▶ WHAT IS BEING ASKED
A faithful copy of the data is what is wanted, minus any pictures.

DATA TO EXAMINE section start

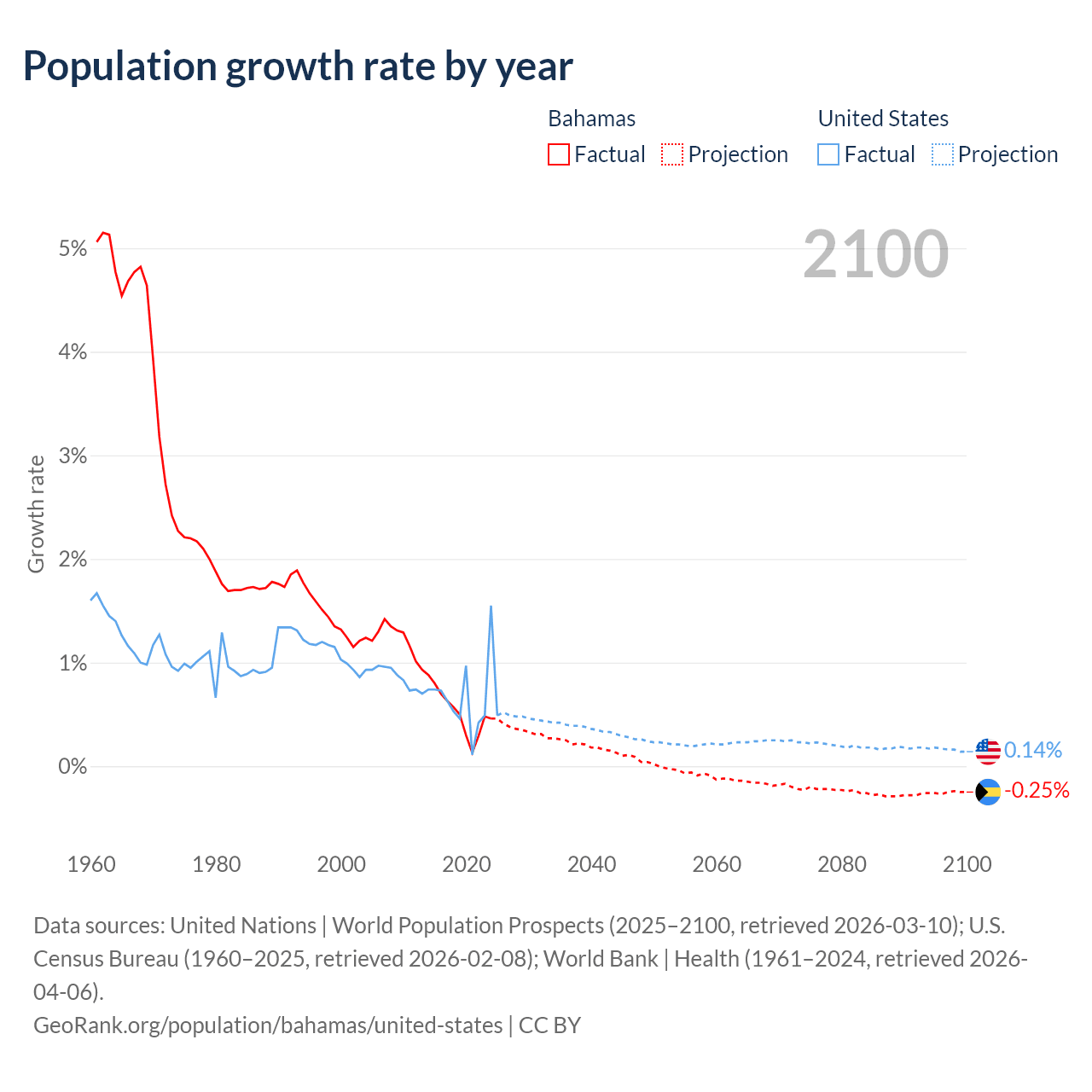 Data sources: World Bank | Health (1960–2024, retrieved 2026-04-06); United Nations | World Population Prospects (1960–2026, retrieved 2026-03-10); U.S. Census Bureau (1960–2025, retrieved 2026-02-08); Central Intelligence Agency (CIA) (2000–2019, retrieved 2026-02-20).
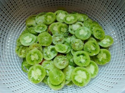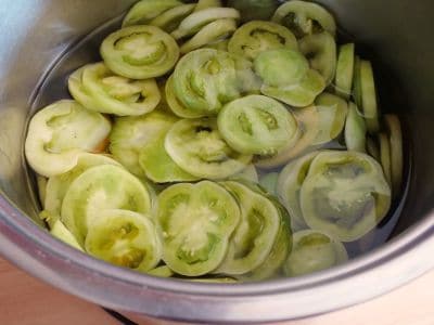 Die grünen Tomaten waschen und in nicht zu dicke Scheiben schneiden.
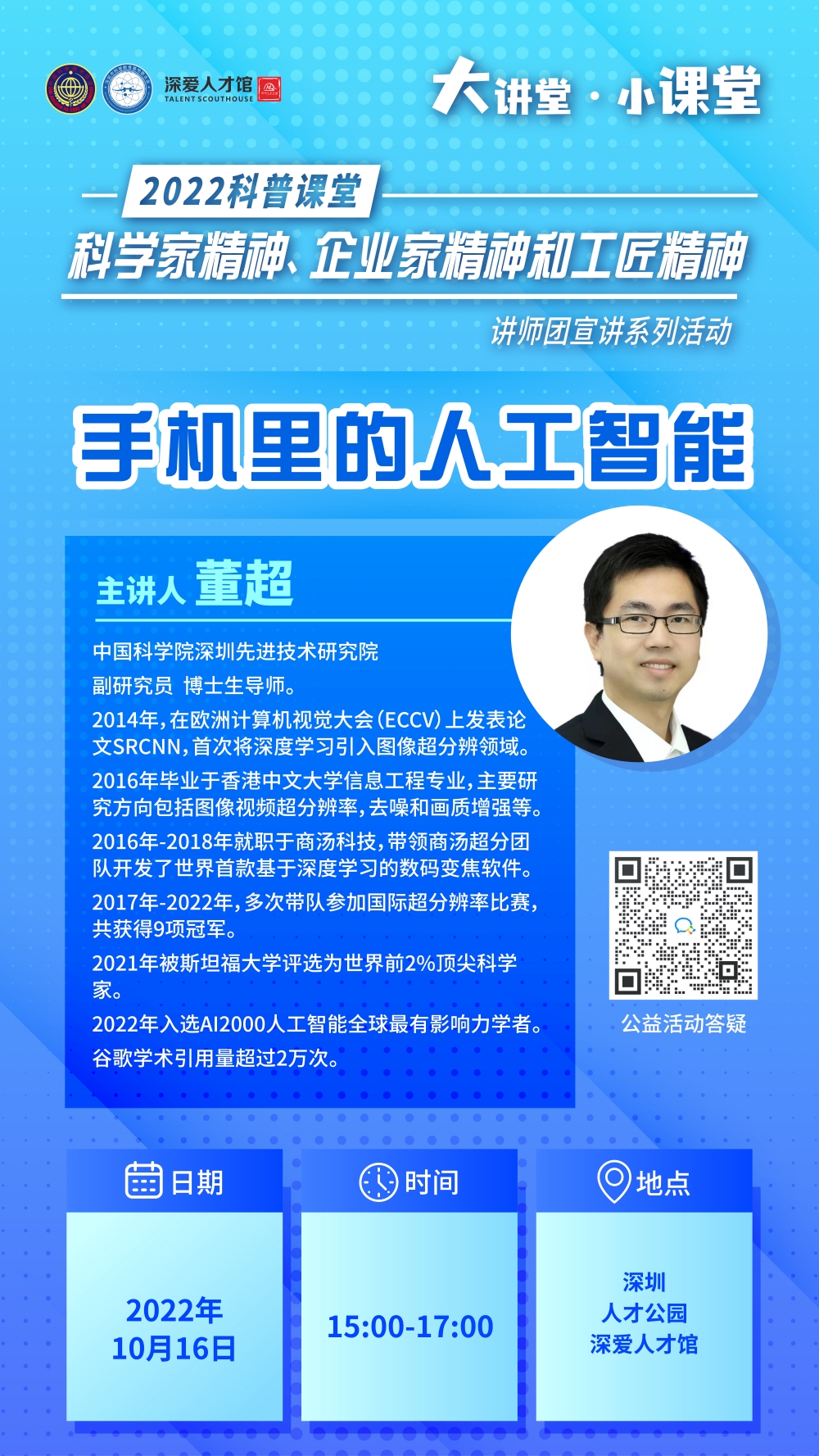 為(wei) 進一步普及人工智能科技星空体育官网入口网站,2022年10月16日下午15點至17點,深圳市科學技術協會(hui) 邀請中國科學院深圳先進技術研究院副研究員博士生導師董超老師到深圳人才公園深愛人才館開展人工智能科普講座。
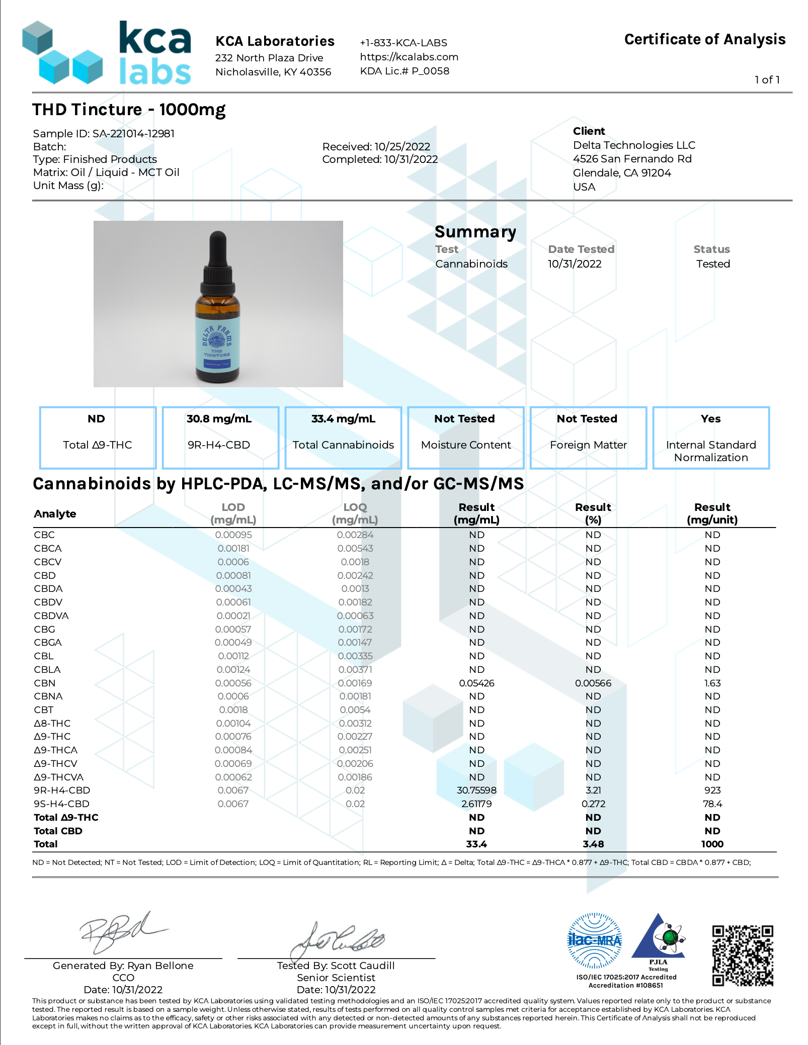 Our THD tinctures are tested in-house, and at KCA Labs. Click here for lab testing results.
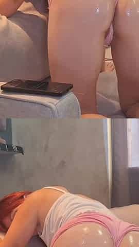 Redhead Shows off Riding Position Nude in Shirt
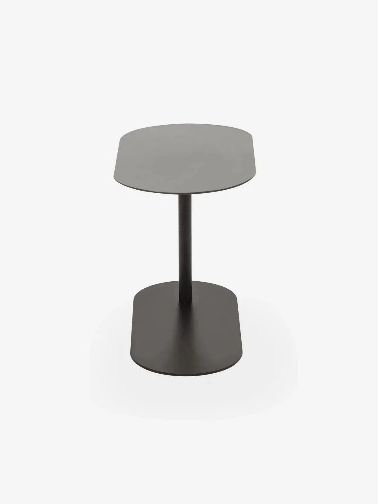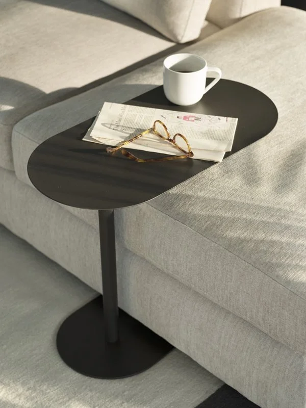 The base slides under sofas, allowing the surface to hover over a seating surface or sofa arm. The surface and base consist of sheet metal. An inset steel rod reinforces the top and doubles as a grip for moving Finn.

DATA TO EXAMINE section end

▶ RESULT
 Data sources: World Bank | Health (1960–2024, retrieved 2026-04-06); United Nations | World Population Prospects (1960–2026, retrieved 2026-03-10); U.S. Census Bureau (1960–2025, retrieved 2026-02-08); Central Intelligence Agency (CIA) (2000–2019, retrieved 2026-02-20).
 Die grünen Tomaten waschen und in nicht zu dicke Scheiben schneiden.
 為(wei) 進一步普及人工智能科技星空体育官网入口网站,2022年10月16日下午15點至17點,深圳市科學技術協會(hui) 邀請中國科學院深圳先進技術研究院副研究員博士生導師董超老師到深圳人才公園深愛人才館開展人工智能科普講座。
 Our THD tinctures are tested in-house, and at KCA Labs. Click here for lab testing results.
 Redhead Shows off Riding Position Nude in Shirt
 The base slides under sofas, allowing the surface to hover over a seating surface or sofa arm. The surface and base consist of sheet metal. An inset steel rod reinforces the top and doubles as a grip for moving Finn.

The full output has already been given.